The court is currently reviewing a case from the University of Texas that examines race as party of one of many criteria that a university may use in admittance. Traditional affirmative action as you imagine it hasn't been legal in a long time, but some schools still consider diversity under limited circumstances. SCOTUS will rule on whether or not this is allowable.
As a white person who went to UT, I have to say the idea that something thinks they couldn't get it to that school because they are white is pretty pathetic. The school is primarily white. In every case I'm aware of, the people who sued in protest of affirmative action were unqualified candidates who couldn't be admitted even after racial preferences had been disbanded.

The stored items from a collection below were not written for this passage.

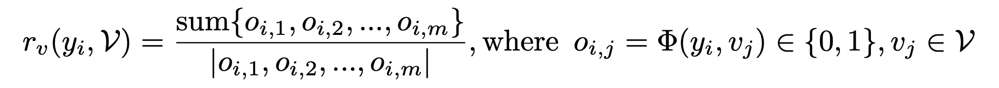 where o_i,j ∈ {0, 1} indicates whether v_j is accurately reflected in y_i or not.
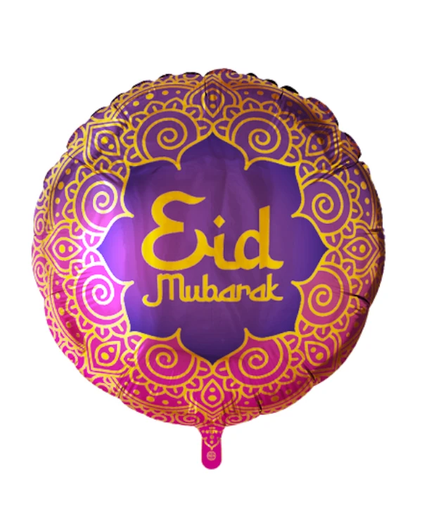 Fargerik og dekorativ folieballong med teksten Eid Mubarak. Perfekt til å pynte hjemmet, selskapslokalet eller Eid-feiringen. Ballongen måler 45 cm og kan fylles med helium eller luft. Skaper en festlig og stemningsfull atmosfære.
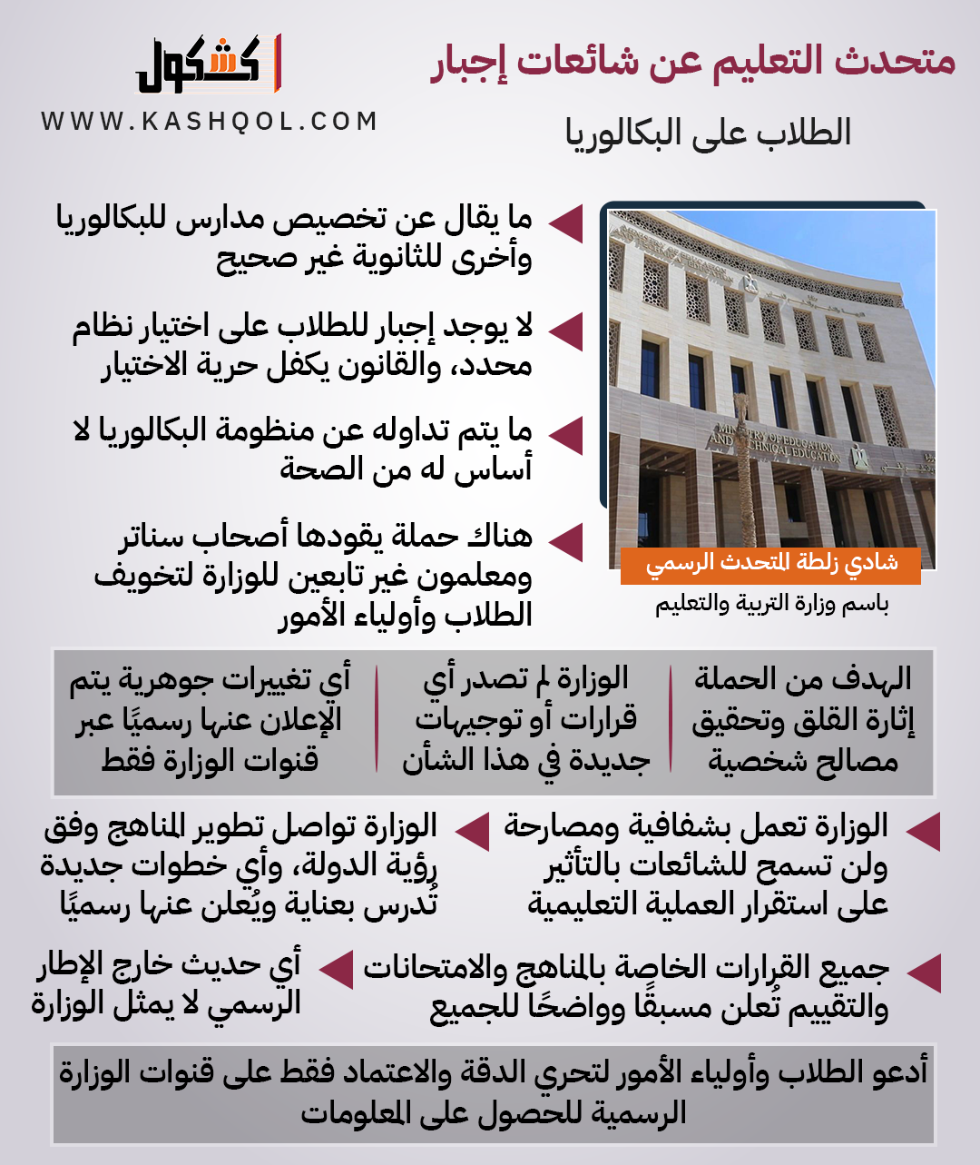 متحدث «التعليم» يكشف حقيقة إجبار الطلاب على اختيار البكالوريا المصرية «انفوجراف»
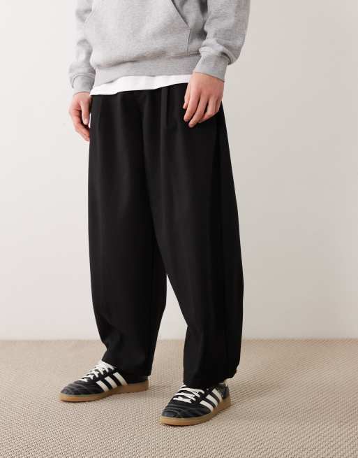 ASOS DESIGN smart pleated wide barrel leg pants with wool in black herringbone
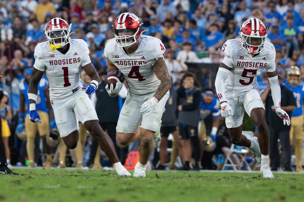 Senior defensive back Shawn Asbury II (left), junior linebacker Aiden Fisher (middle) and sophomore cornerback D'Angelo Ponds (right) run down the field during a game against UCLA on Sept. 14, 2024, at the Rose Bowl Stadium in Pasadena, California. Fisher made 118 tackles across his first season at Indiana in 2024.
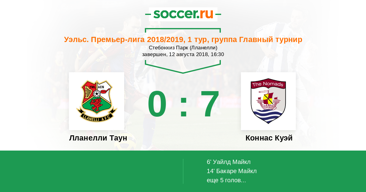 Протокол матча Лланелли Таун против Коннас Куэй
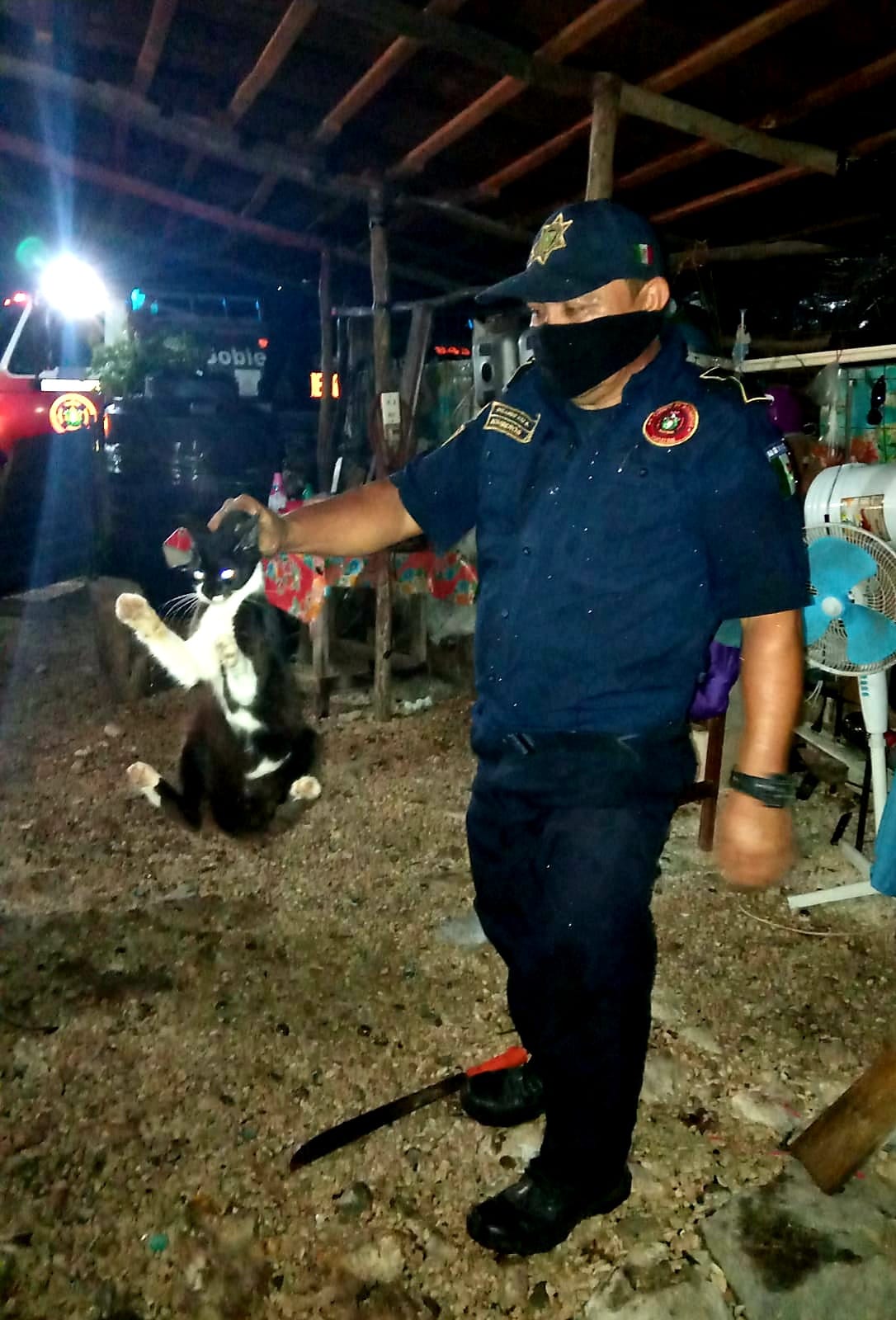 Al domicilio ubicado sobre la calle 18 con 29 llegaron bomberos a bordo de la unidad 843 de la Secretaría de Seguridad Pública (SSP) para rescatar al animal.
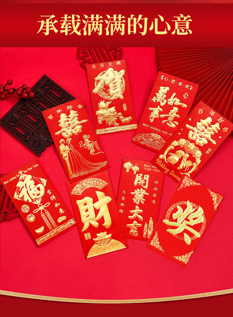 【8.9到手90个】2024新年通用红包结婚乔迁婚礼满月回礼过年红包袋

It would be nice if the most qualified applicant always was admitted. But then how would people like George W Bush even get into a graduate program? Legacy preferences are much stronger than affirmative action, yet funny that the right never complains about that. Evidently if you're born to the manor--as opposed to being born a person of color--you're entitled to an Ivy League education even if your grades suck. It's too bad people weren't worried about the most qualified applicant being admitted through the 1970s, when places like UT law school refused to admit anyone of color under any circumstances. They only did so when the court forced them to, and even then they set up a separate cafeteria line so the white students wouldn't have to come into contact with a man of color. That was in the 1970s.